The students were very much cocooned in their group. You saw them only in their 'welcome' group, never with other teaching staff or students. The occasional overhead shot of the outdoor playground during breaks was used more to convey the sense of time passing through the seasons, than a measure of how the 'class of welcome' were integrating. 

Some of the parents/ guardians had been in France for a little while before the children arrived. But whether they arrived separately or together, each had a different reason for coming to France. For example, Xin from China had lived with her grandmother there for ten years and hadn't seen her mother at all in that time, until Xin joined her in Paris, where her mother was working in a restaurant. Another girl and her family left Guinea because of their resistance to female circumcision. A Jewish family had been persecuted by a group of Serbian neo-nazis and had to get out. Growing up is difficult enough without such traumas. 

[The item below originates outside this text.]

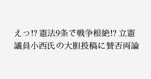 1、願望を述べるだけだったら子どもでもできる。国会議員の仕事は、その願望をどうすれば具体的に実現できるのか政策をかんがえていくことだ。それが国益に繋がる形でね。小西さんには国際法すら守らないロシアや中国に憲法九条を導入させるための秘策があるのかな?日々、他人の言動をあげつらったり、実現不可能な意見を言うことに腐心しないで、もう少し今の日本や国際状況を考えたうえでの建設的な意見を述べるべきだよ。
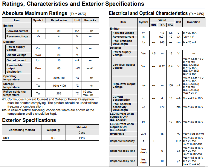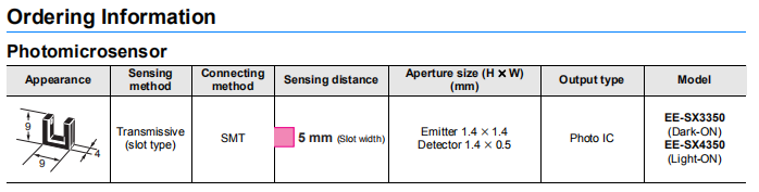光電IC輸出(遮光時ON(EE-SX3350)/入光時ON (EE-SX4350)備有2種型號)

Over the year the director, Julie Bertucelli captured the students conversations, their conflicts, moments of enjoyment, their frank discussions about politics and religion, their impressions of living in France, their struggles and successes. Fortunately she allowed the action to speak for itself. There was no attempt to heighten the drama. Gradually through their shared situation of being outsiders, the students bonded. They were also very well served and supported by the teacher, the wonderful Brigitte Cervoni.  Such patience, such care and understanding, such skill. Highly experienced in teaching French to immigrant children, Brigitte Cervoni has co-authored a book on the subject. 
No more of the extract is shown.